Below are some records. Return exactly their lines from the one containing "Parodontax Dentifrice Fraîcheur" through the one containing "Nuestra Chamarra Sherpa", and drop the pictures.

* **DATA SUPPLIED**:
"""
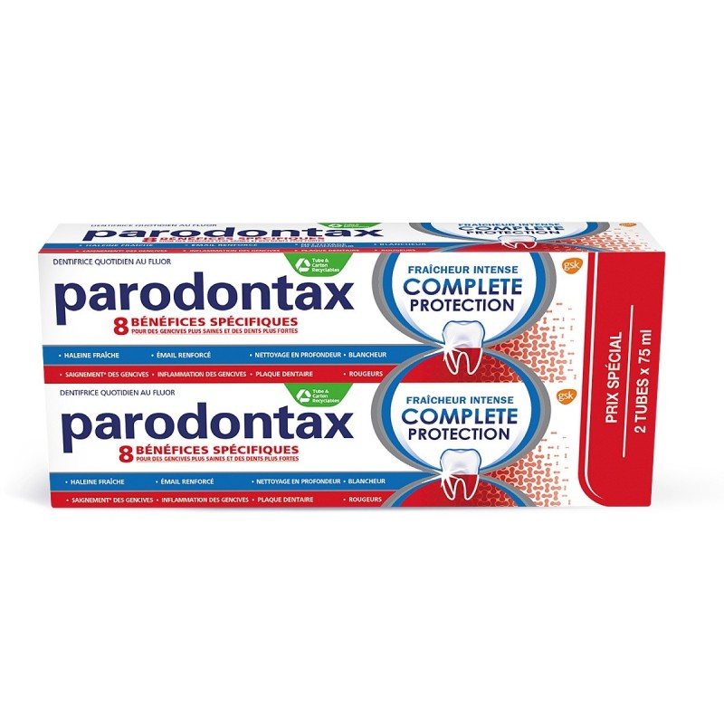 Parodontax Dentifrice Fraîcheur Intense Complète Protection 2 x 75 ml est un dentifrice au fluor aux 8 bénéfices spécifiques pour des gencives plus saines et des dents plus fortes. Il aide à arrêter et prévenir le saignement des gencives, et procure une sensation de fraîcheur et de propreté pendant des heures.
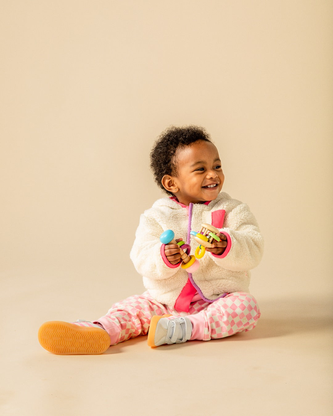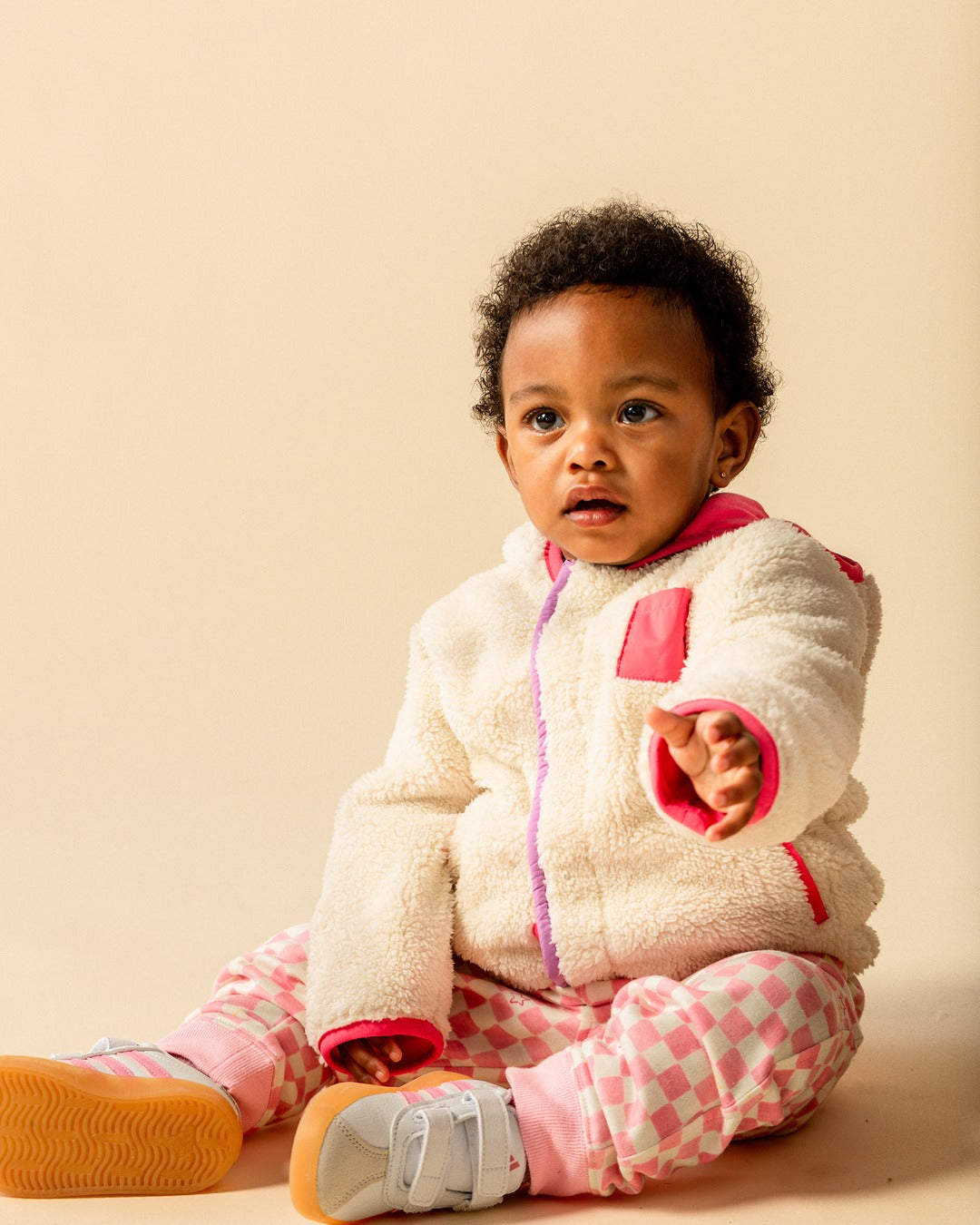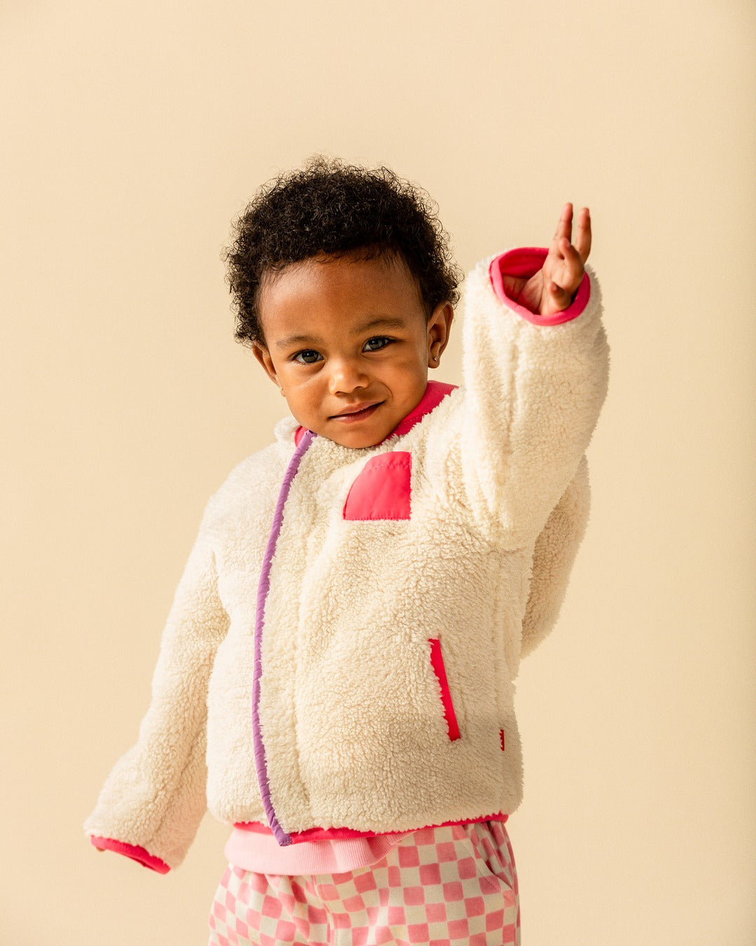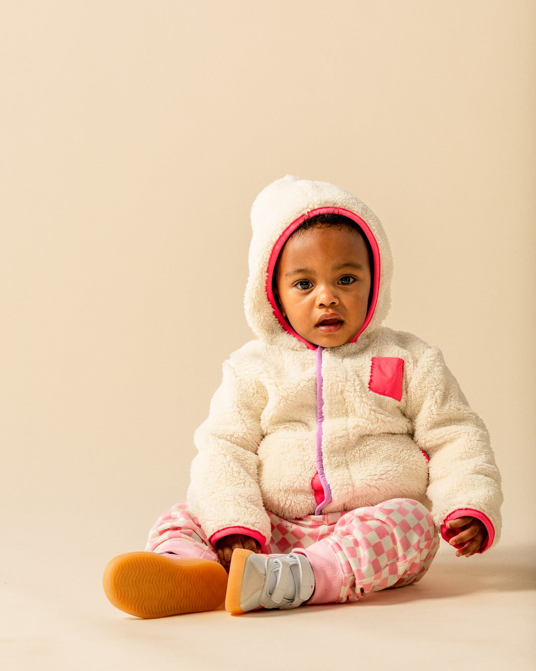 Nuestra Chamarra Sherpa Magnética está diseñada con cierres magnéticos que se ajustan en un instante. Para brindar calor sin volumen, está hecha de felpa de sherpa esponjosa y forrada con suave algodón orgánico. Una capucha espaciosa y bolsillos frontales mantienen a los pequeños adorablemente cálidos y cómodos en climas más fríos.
"""
"""
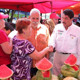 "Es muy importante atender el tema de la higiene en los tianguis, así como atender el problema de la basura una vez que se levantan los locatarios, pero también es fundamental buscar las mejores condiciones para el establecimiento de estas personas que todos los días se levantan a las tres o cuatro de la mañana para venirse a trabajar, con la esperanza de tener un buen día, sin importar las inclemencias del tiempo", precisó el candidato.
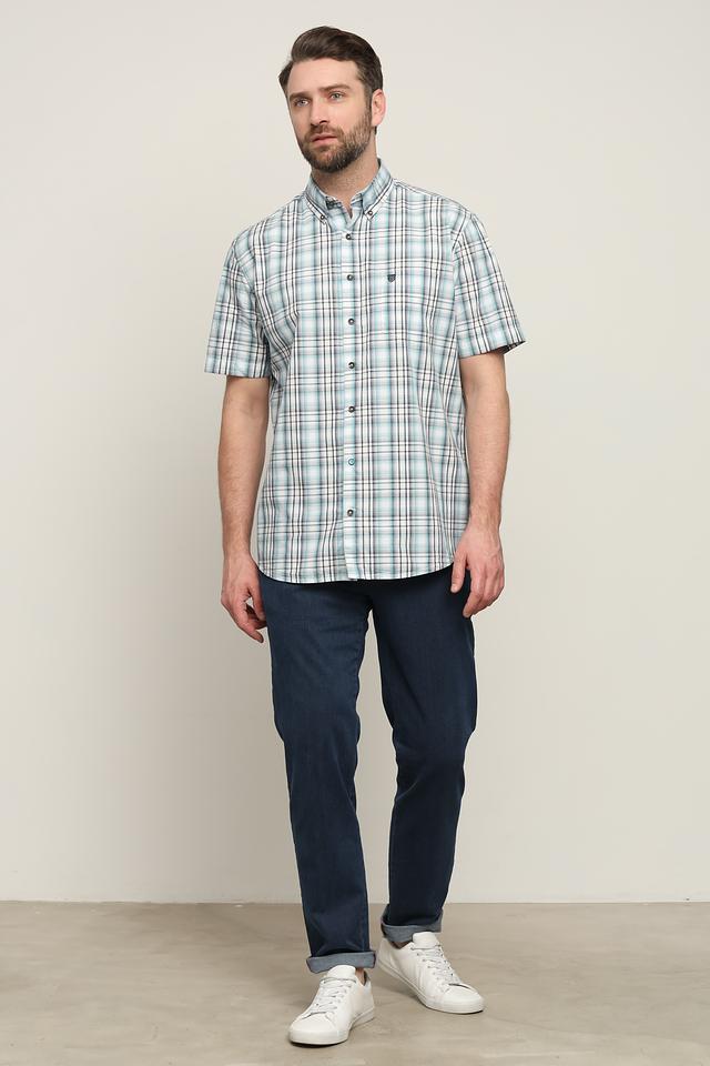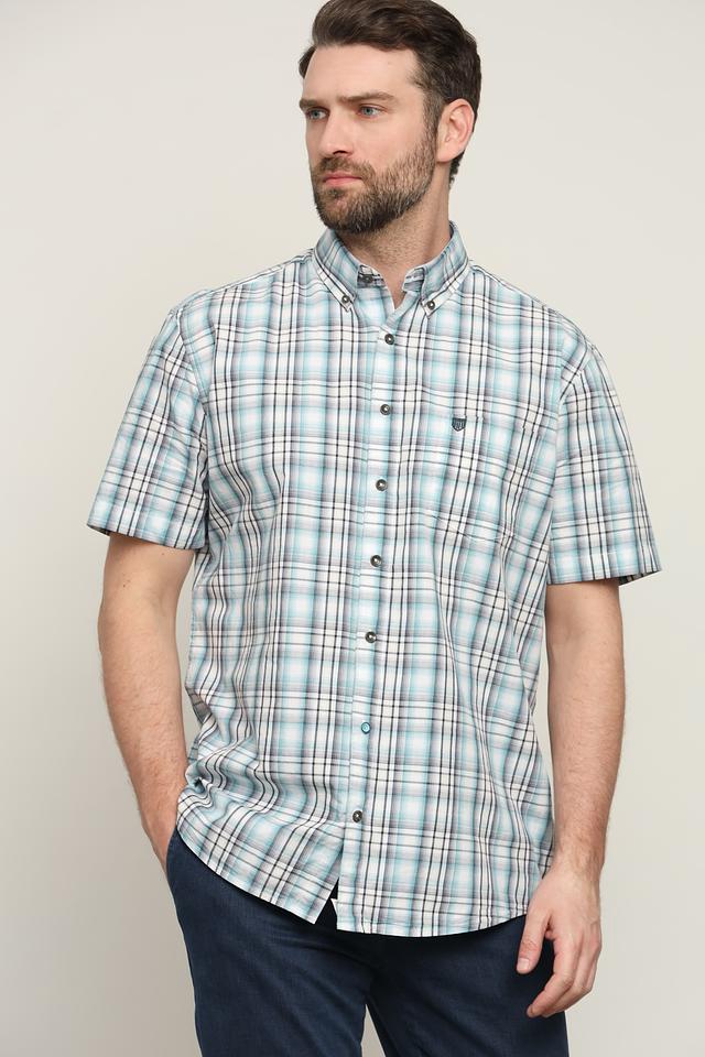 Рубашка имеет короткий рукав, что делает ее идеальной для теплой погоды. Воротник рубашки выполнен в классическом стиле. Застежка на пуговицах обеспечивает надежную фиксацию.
"""
* **SOLUTION**:
 Parodontax Dentifrice Fraîcheur Intense Complète Protection 2 x 75 ml est un dentifrice au fluor aux 8 bénéfices spécifiques pour des gencives plus saines et des dents plus fortes. Il aide à arrêter et prévenir le saignement des gencives, et procure une sensation de fraîcheur et de propreté pendant des heures.
 Nuestra Chamarra Sherpa Magnética está diseñada con cierres magnéticos que se ajustan en un instante. Para brindar calor sin volumen, está hecha de felpa de sherpa esponjosa y forrada con suave algodón orgánico. Una capucha espaciosa y bolsillos frontales mantienen a los pequeños adorablemente cálidos y cómodos en climas más fríos.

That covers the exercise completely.